During the COVID-19 pandemic the stark inequalities of our world were highlighted by disparities in vaccine development, production, and distribution. Despite the WHO goal of 70% coverage across the world by mid 2022, the reality was very different. Thus, a plan to reproduce Moderna’s successful mRNA vaccine attracted WHO support.  

Afrigen Biologics and Vaccines 

Afrigen is a biotechnology company based in Cape Town, with the goal of “local development and production of adjuvants for human and animal vaccines” and “biologicals critical for Africa’s healthcare challenges”. Working with scientists at the University of Witwatersrand, they deconstructed the Moderna vaccine in a feat of reverse engineering that is legal in South African law. The Guardian reports that this law “contains a provision for carrying out research and development regardless of patent protection”.  

Why Moderna? 

As we explored in a previous article, the company decided not to enforce its COVID-19 patents during the pandemic. Furthermore, WHO identified an “abundance of public information”, according to The Guardian.  

Initial success 

Thanks to promising preliminary results in mice trials, human testing is expected to begin in the next year. The Cape Town centre will share its knowledge with up to 20 “spokes” across Africa, Latin America, and parts of Europe. Representatives from these spokes have already started training at the centre in South Africa.  

“It is intended to provide a solution to vaccine inequity, ending the reliance of low- and middle-income countries on manufacturers in richer countries.” 

Charles Gore is the executive director of the Medicines Patent Pool (MPP). This is supporting the South African centre and believes that instead of “some kind of donation programme”, the key to addressing inequality is “empowerment”.  

“The silver lining of COVID is that it has focused people’s attention on access. The tragedy is that a lot of people died to get that focus.”  

Moderna steps in 

Despite the positive steps being taken at the hub, representatives at Moderna are concerned by the process.

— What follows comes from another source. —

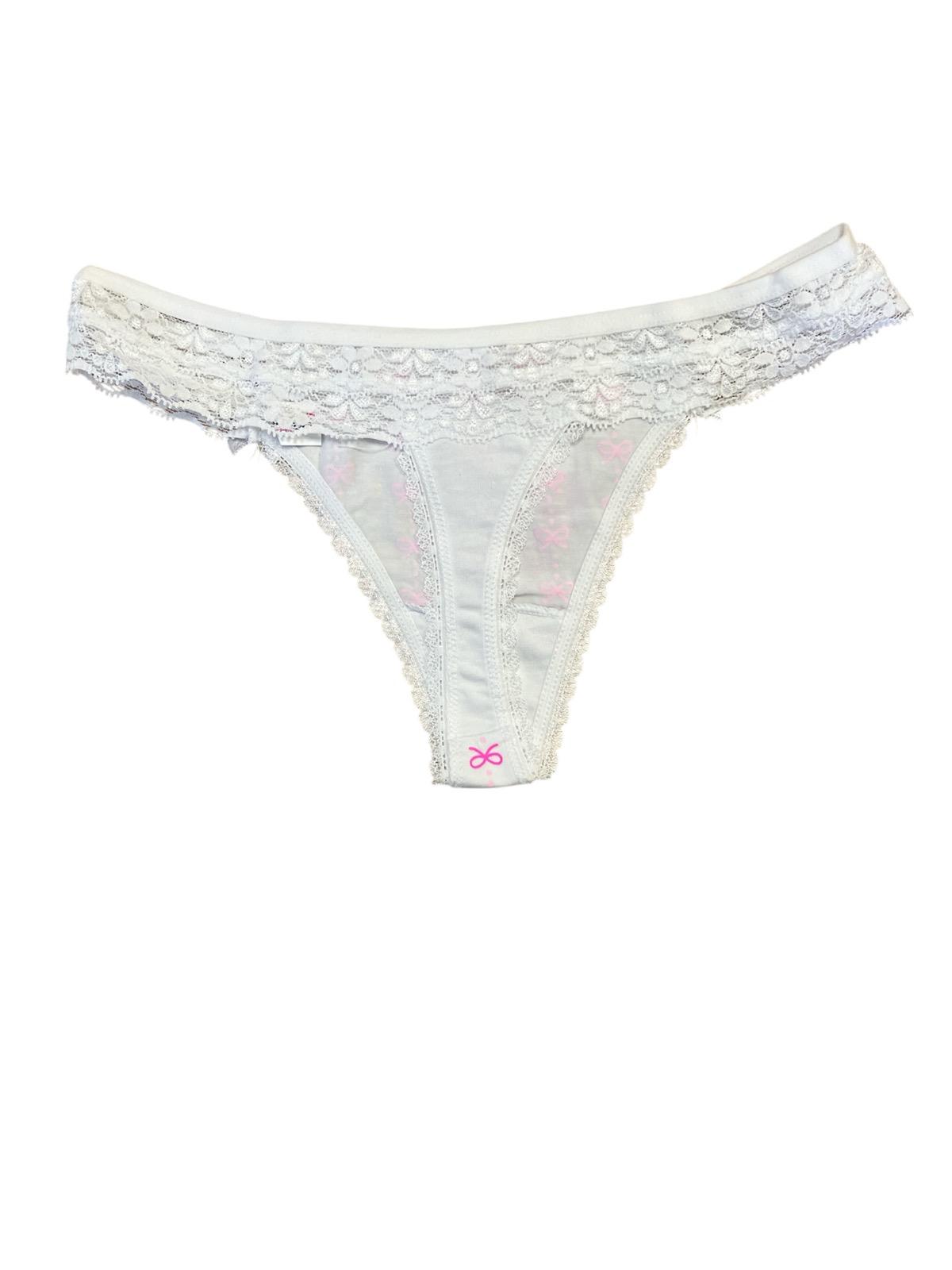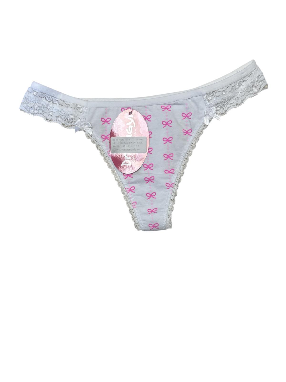 Chiloti Dama, Tanga , Dantelă Alba cu Imprimeu Fundițe Roz, Engros

CEO Stephane Bancel was quoted in the Financial Times as having reservations.  

“It is like when somebody makes a copy of a Louis Vuitton bag. Does it look like a Louis Vuitton bag? Does it last like a Louis Vuitton bag? I don’t know.” 

Moderna has not shared technology or cooperated with the programme, and its legal action against Pfizer and BioNTech has created tension around the development of these vaccines. However, Gore suggests that the efforts will not infringe Moderna’s patents.  

“Clearly, we’re not wanting to enter into disputes with the pharmaceutical industry.” 

It remains to be seen whether Moderna will take legal action as the project continues. If this is a positive step for vaccine development in Africa, the future holds much greater potential for local development.